- Born: April 11, 1969 (age 56)
- Occupation: Chef

= Yoshihiro Narisawa =

Japanese chef

Yoshihiro Narisawa (成澤 由浩, Narisawa Yoshihiro) is a Japanese chef and owner of the two-Michelin star restaurant Narisawa in Minato, Tokyo, Japan.

==Career==
Narisawa was born in Aichi prefecture in 1969 to a baker and western sweets maker. He travelled to Europe at the age of 19, and trained in France, Switzerland, and Italy, before returning to Japan in 1996.

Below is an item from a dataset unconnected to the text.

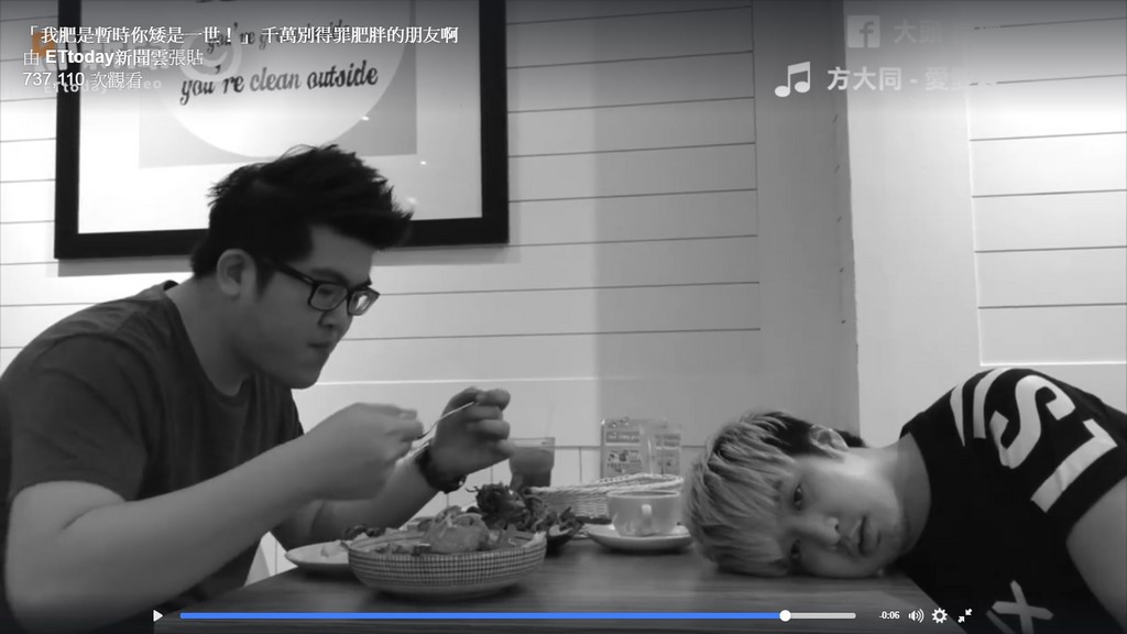片中身材較壯碩的男子邀約朋友吃飯,朋友看到他一直吃飯,嘲諷表示「吃吃吃!肥死你啊!」而壯碩男子也不干示弱,立刻回嗆:我肥是暫時的,「你矮是矮一世!」還創意使用「歌詞諧音」來表達「矮子受傷的心」。

In 1996, Narisawa opened a restaurant in Odawara, Kanagawa. In 2003, Narisawa moved to Tokyo and opened the restaurant "Les Créations de Narisawa" in Aoyama, renaming it Narisawa in 2011. Restaurant Narisawa was ranked #20 on The World's 50 Best Restaurants list in 2009, and has consistently ranked in the top 30 since. Its current ranking in 2017 is #18. He has built his fame on promoting organic and natural ingredients as a part of Japanese cuisine, saying, “Most of the vegetables and fruit in Japan contain pesticides. It’s the role of the chef to support (organic) producers.” Accordingly, Restaurant Narisawa received the inaugural Sustainable Restaurant Award from Restaurant Magazine, after an audit by the Sustainable Restaurant Association.

In 2018, Narisawa appeared as a guest judge on the "Japan" episode of The Final Table, season 1.